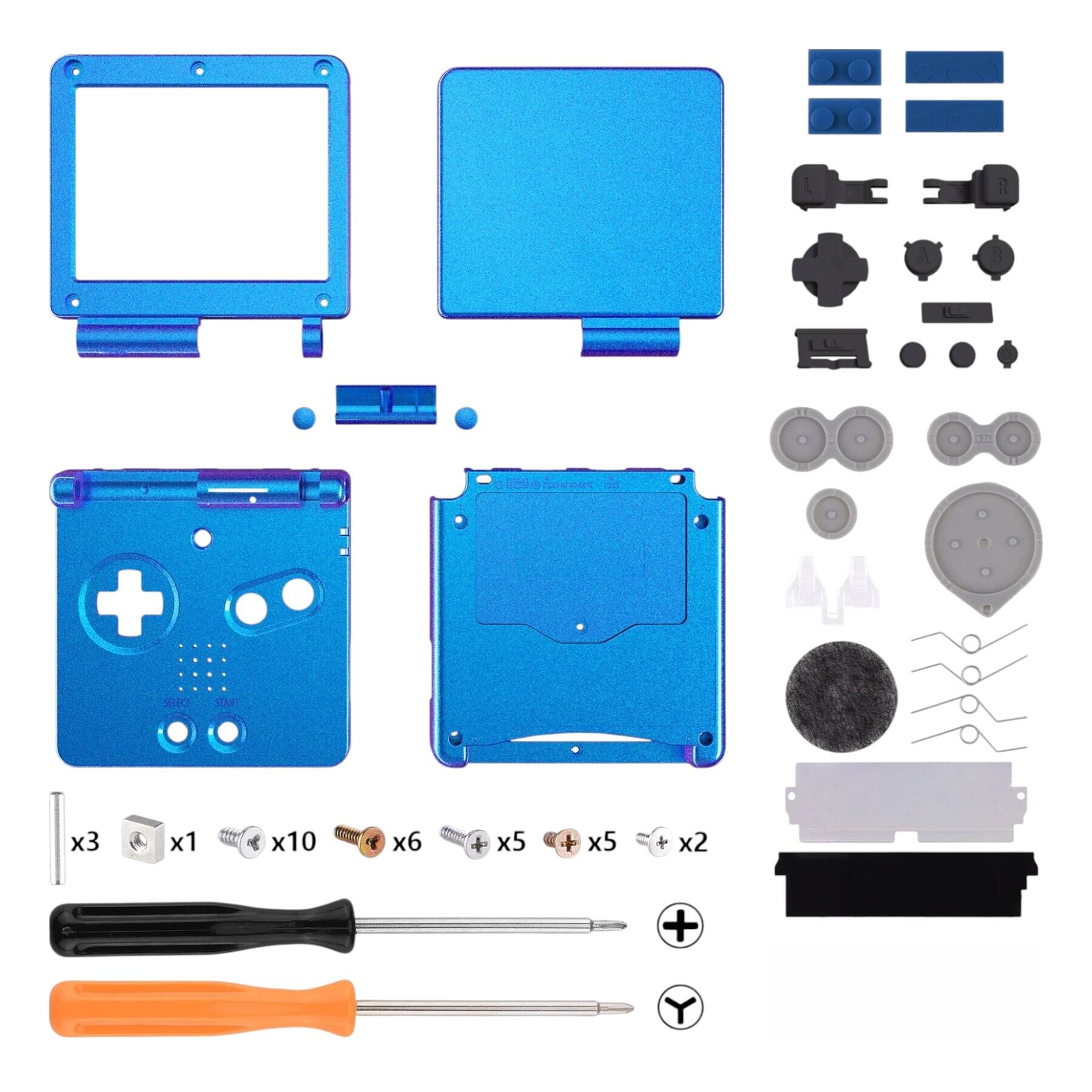 ゲームボーイアドバンスSP用のシェルキットです。高品質ABSを使用した互換シェルで、純正液晶、IPS液晶のどちらにも対応しています。取り付け方法等は動画を参照してください。
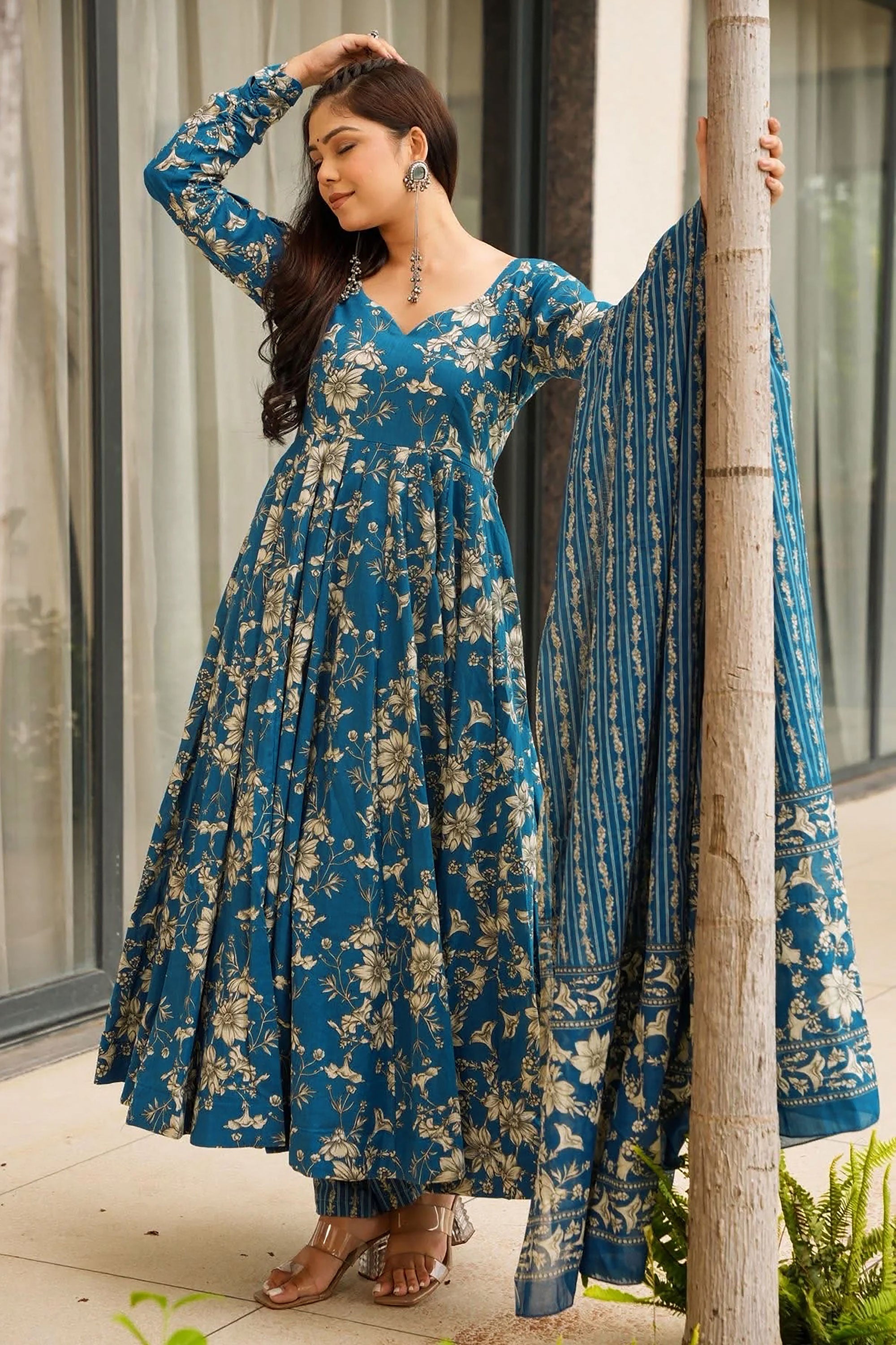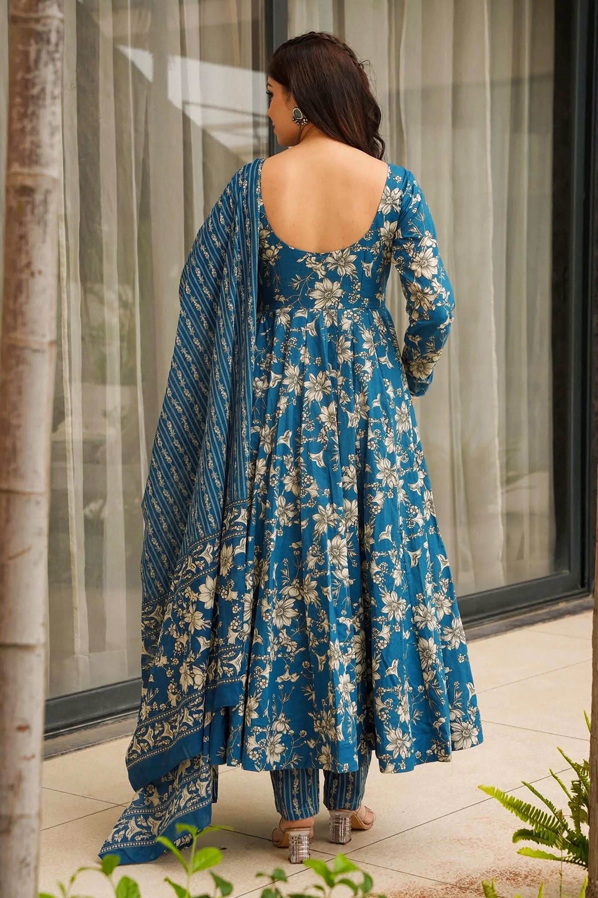 Cyan Printed Muslin Readymade Anarkali Suit
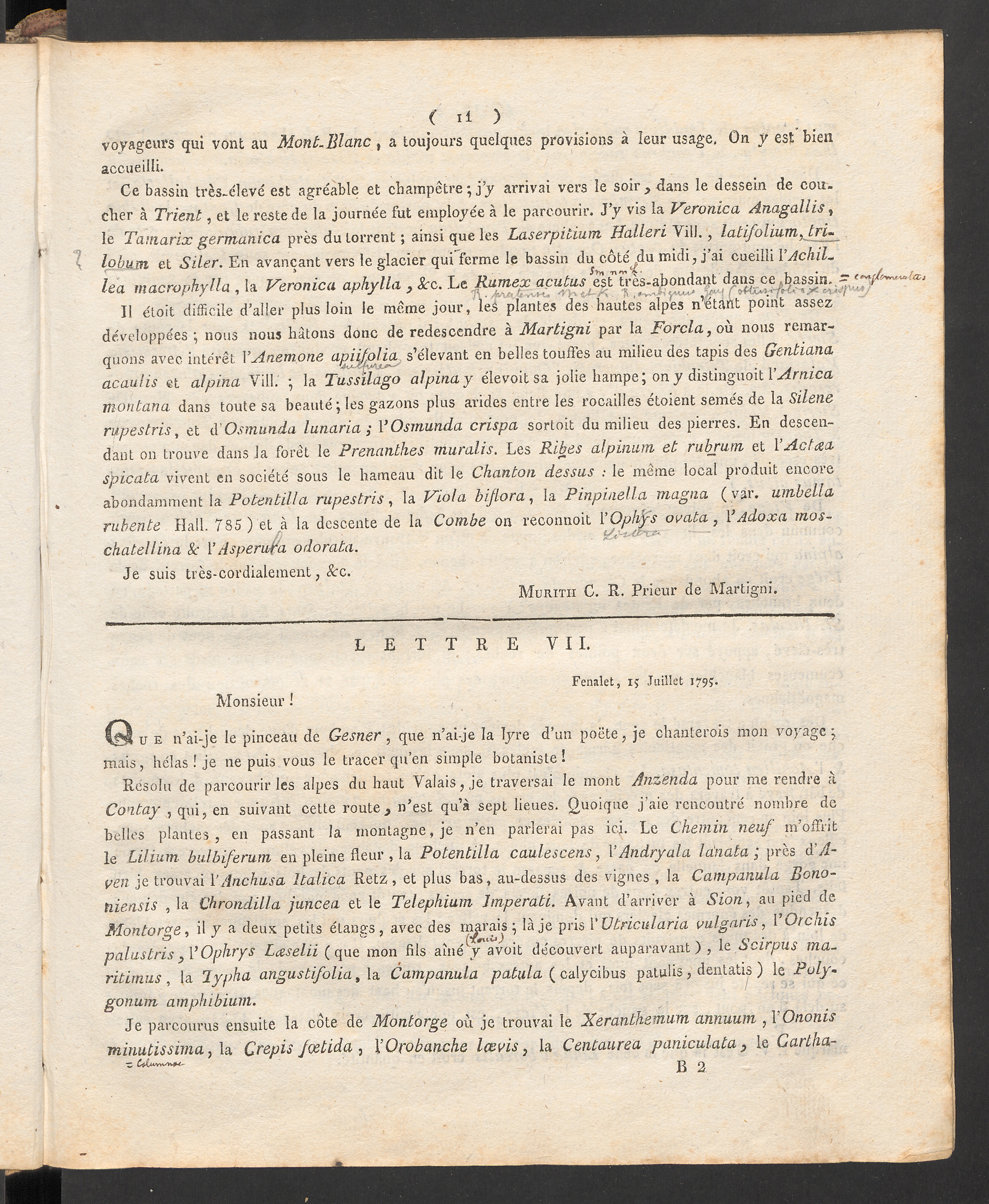 Le guide du botaniste qui voyage dans le Valais, avec un catalogue des plantes de ce pays et de ses environs, auquel on a joint les lieux de naissance et l'époque de la fleuraison pour chaque espèce / par M. Murith
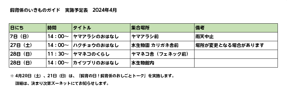 ※ 4月は「飼育の日」イベントの実施にともない、ほかの月とは実施日が異なります。
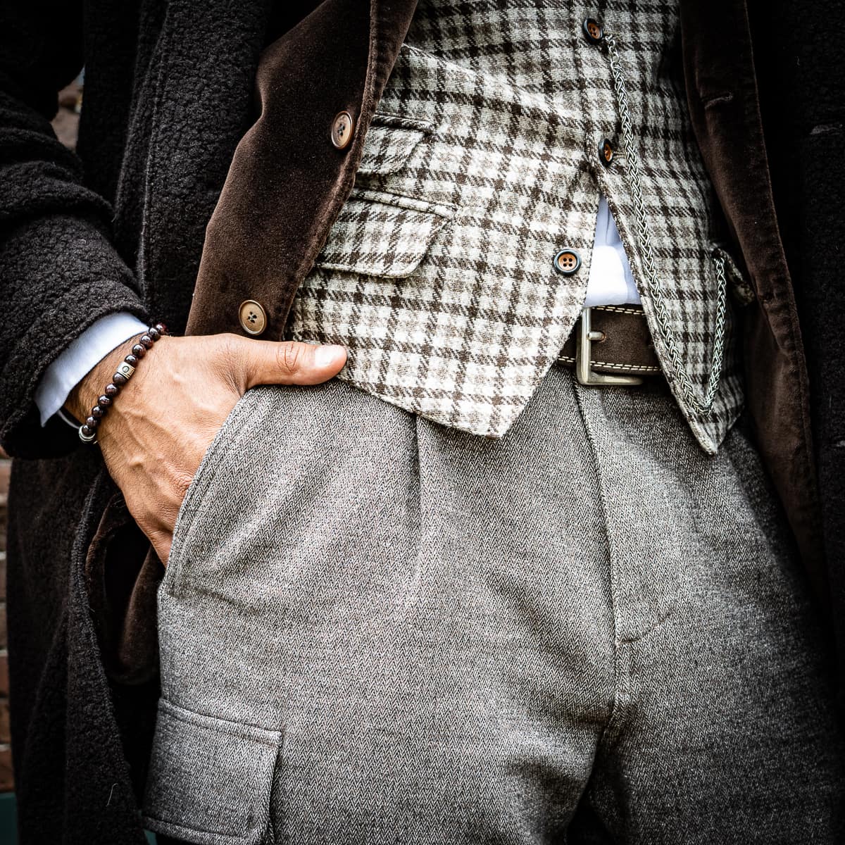 Dieses Sakko von 1973 ist ein Highlight in jeder Wintergarderobe. Das weiche Samt-Gewebe wurde aus einer Baumwollmischung gefertigt und besitzt eine unglaublich weiche Haptik. Der sportlich, taillierte Schnitt in Kombination mit dem fallenden Reverse sorgen für einen gelungenen Auftritt zu jeder Gelegenheit. Auf der Außenseite befinden sich 3 Pattentaschen und auf der Innenseite 4 Innentaschen. Geschlossen wird das Sakko mit einem klassischen 2-Knopf-Verschluss. Abgerundet wird das Design mit den Kissing-Buttons, die sich an den Ärmeln finden lassen.
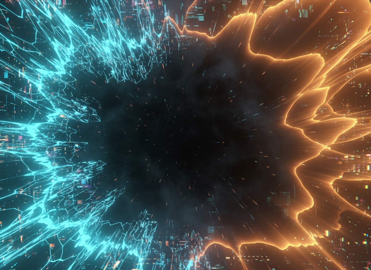 道德势场的抽象可视化。左侧是明亮的青色光(上升的效用)形成的陡峭、锯齿状悬崖,右侧是光滑、发光的琥珀色山丘(破碎的可逆性)。它们之间是深邃、黑暗的山谷——受保护的区域。
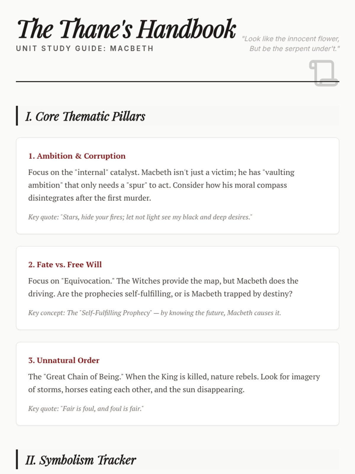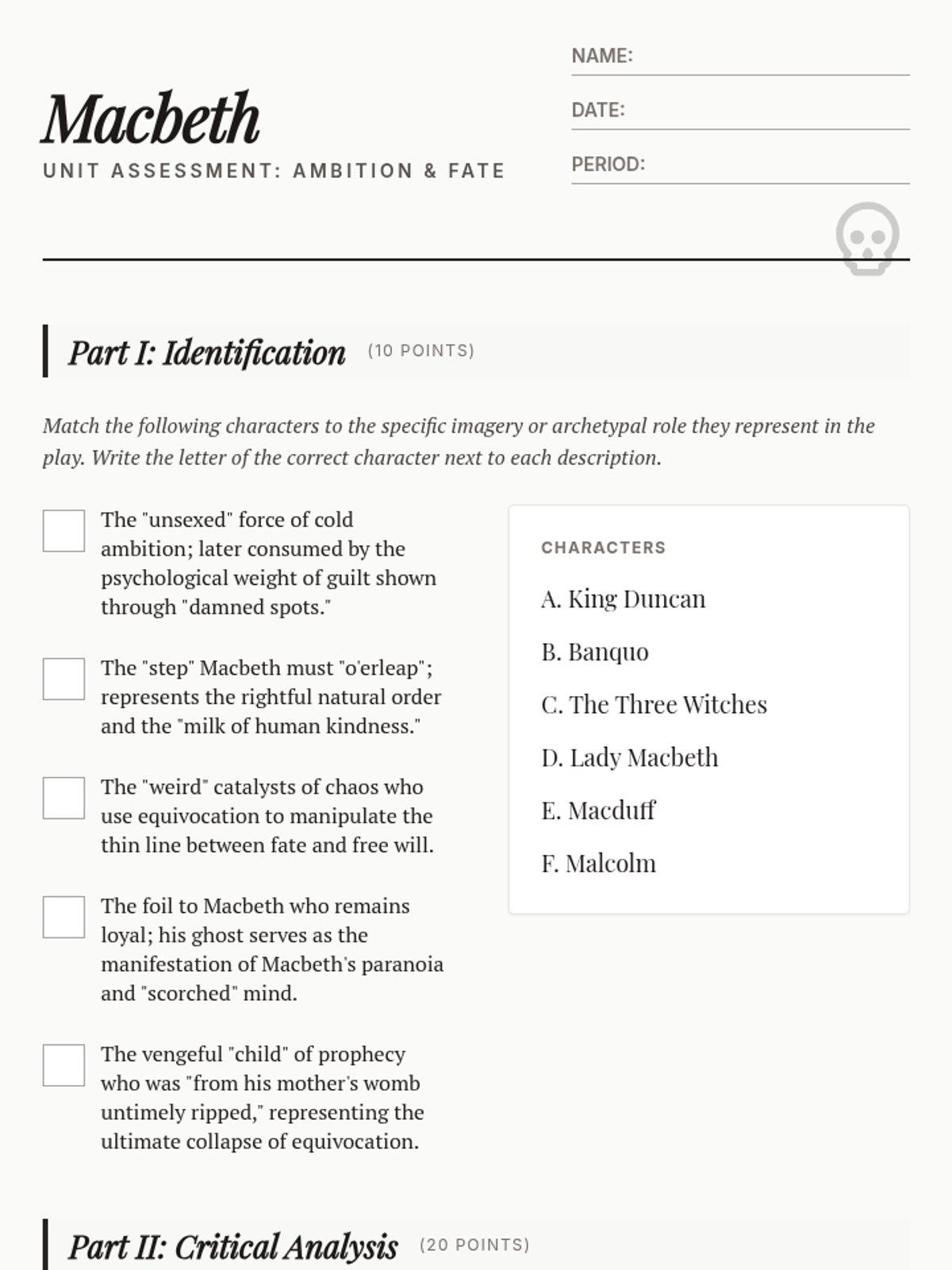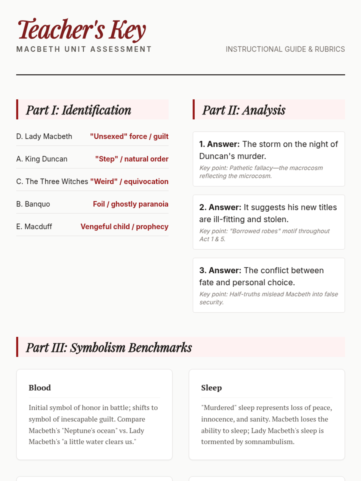 A comprehensive final assessment for William Shakespeare's Macbeth, focusing on imagery, symbolism, fate, and the corrupting nature of ambition.
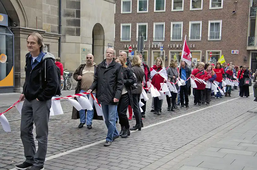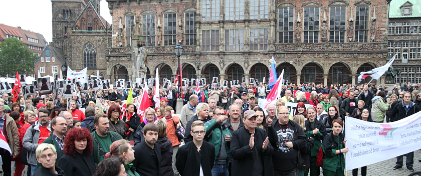 Abgeschlossen wurde die Veranstaltung mit einem Trauerzug rund um die Bremische Bürgerschaft. Angeführt von KollegInnen von Umweltbetrieb Bremen, die das öffentliche Grün zu Grabe trugen, bildeten die TeilnehmerInnen der Kundgebung eine Kette mit 4.000 Unterschriften gegen die Kürzungspolitik. Die Unterschriften wurden den Fraktionsvorsitzenden von SPD und Grünen/Bündnis 90, Björn Tschöpe und Matthias Güldner übergeben. Sie wurden damit aufgefordert, für gute öffentliche Dienstleistungen und ein gerechtes Bremen einzutreten.
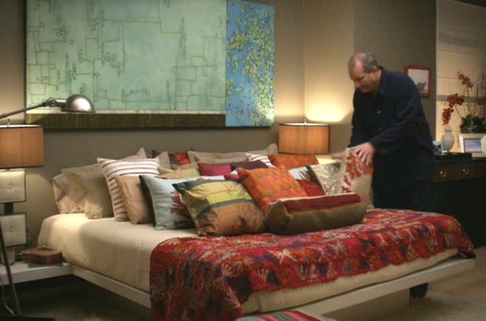 Modern Family shows us that stripes can be used pretty much anywhere in your home – bedding, curtains, cushions, upholstery, rugs, and even dishware! Claire and Phil have a striped jug that appears in many scenes featuring their kitchen.
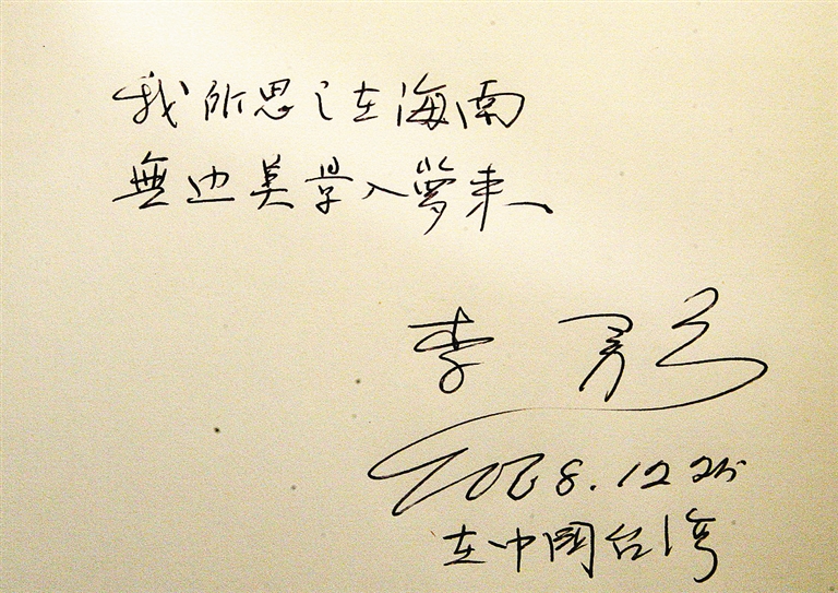 下午,李敖来到北京法源寺参观,我们跟随而至。李敖为法源寺题词:“法海真源,尽在于斯”“物我两忘,人书俱老”;法源寺赠送给李敖一尊观音像及一些文史资料。这些都是当天受到各路媒体聚焦的活动。可对于负有采访使命的我来说,最重要的一件事情也在法源寺完成了:高先生将我的信递给李敖,说海南岛有一位记者也追踪来了。李敖与高信疆先生谈起海南岛,高先生说起我此行的目的,平时伶牙俐齿的李敖,不顾凤凰卫视的有关规定,欣然提笔,在一张硬纸上写下了一行大字:我所思之在海南。我欣喜若狂!稿件当晚发回海南日报,第二天的海南日报头版显要位置刊发了这一令人振奋的新闻。后来看到央视等相关媒体的报道,我才知道,海南日报是得到李敖题词的唯一媒体。可惜,3天之后的25日,罕见的特大台风“达维”横扫海南,我们原先的报道计划只好中断,本意想借李敖对海南的期待和赞美来提升海南的知名度,借此外宣海南初衷,却被这样一场大台风给冲淡了。
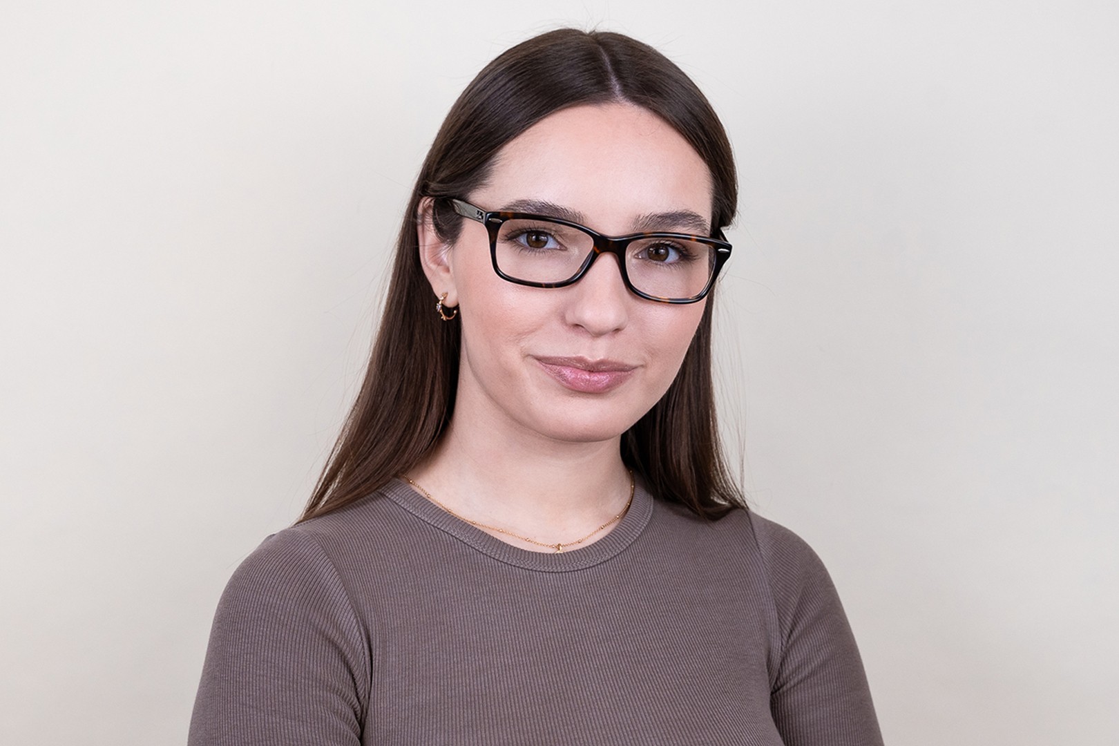 Коричневый цвет оправы идеально сочетается с теплым оттенком кожи и светлыми

::::::

Brief: Quote each record exactly as it stands, minus the pictures.

Exercise answer:
 ゲームボーイアドバンスSP用のシェルキットです。高品質ABSを使用した互換シェルで、純正液晶、IPS液晶のどちらにも対応しています。取り付け方法等は動画を参照してください。
 Cyan Printed Muslin Readymade Anarkali Suit
 Le guide du botaniste qui voyage dans le Valais, avec un catalogue des plantes de ce pays et de ses environs, auquel on a joint les lieux de naissance et l'époque de la fleuraison pour chaque espèce / par M. Murith
 ※ 4月は「飼育の日」イベントの実施にともない、ほかの月とは実施日が異なります。
 Dieses Sakko von 1973 ist ein Highlight in jeder Wintergarderobe. Das weiche Samt-Gewebe wurde aus einer Baumwollmischung gefertigt und besitzt eine unglaublich weiche Haptik. Der sportlich, taillierte Schnitt in Kombination mit dem fallenden Reverse sorgen für einen gelungenen Auftritt zu jeder Gelegenheit. Auf der Außenseite befinden sich 3 Pattentaschen und auf der Innenseite 4 Innentaschen. Geschlossen wird das Sakko mit einem klassischen 2-Knopf-Verschluss. Abgerundet wird das Design mit den Kissing-Buttons, die sich an den Ärmeln finden lassen.
 道德势场的抽象可视化。左侧是明亮的青色光(上升的效用)形成的陡峭、锯齿状悬崖,右侧是光滑、发光的琥珀色山丘(破碎的可逆性)。它们之间是深邃、黑暗的山谷——受保护的区域。
 A comprehensive final assessment for William Shakespeare's Macbeth, focusing on imagery, symbolism, fate, and the corrupting nature of ambition.
 Abgeschlossen wurde die Veranstaltung mit einem Trauerzug rund um die Bremische Bürgerschaft. Angeführt von KollegInnen von Umweltbetrieb Bremen, die das öffentliche Grün zu Grabe trugen, bildeten die TeilnehmerInnen der Kundgebung eine Kette mit 4.000 Unterschriften gegen die Kürzungspolitik. Die Unterschriften wurden den Fraktionsvorsitzenden von SPD und Grünen/Bündnis 90, Björn Tschöpe und Matthias Güldner übergeben. Sie wurden damit aufgefordert, für gute öffentliche Dienstleistungen und ein gerechtes Bremen einzutreten.
 Modern Family shows us that stripes can be used pretty much anywhere in your home – bedding, curtains, cushions, upholstery, rugs, and even dishware! Claire and Phil have a striped jug that appears in many scenes featuring their kitchen.
 下午,李敖来到北京法源寺参观,我们跟随而至。李敖为法源寺题词:“法海真源,尽在于斯”“物我两忘,人书俱老”;法源寺赠送给李敖一尊观音像及一些文史资料。这些都是当天受到各路媒体聚焦的活动。可对于负有采访使命的我来说,最重要的一件事情也在法源寺完成了:高先生将我的信递给李敖,说海南岛有一位记者也追踪来了。李敖与高信疆先生谈起海南岛,高先生说起我此行的目的,平时伶牙俐齿的李敖,不顾凤凰卫视的有关规定,欣然提笔,在一张硬纸上写下了一行大字:我所思之在海南。我欣喜若狂!稿件当晚发回海南日报,第二天的海南日报头版显要位置刊发了这一令人振奋的新闻。后来看到央视等相关媒体的报道,我才知道,海南日报是得到李敖题词的唯一媒体。可惜,3天之后的25日,罕见的特大台风“达维”横扫海南,我们原先的报道计划只好中断,本意想借李敖对海南的期待和赞美来提升海南的知名度,借此外宣海南初衷,却被这样一场大台风给冲淡了。
 Коричневый цвет оправы идеально сочетается с теплым оттенком кожи и светлыми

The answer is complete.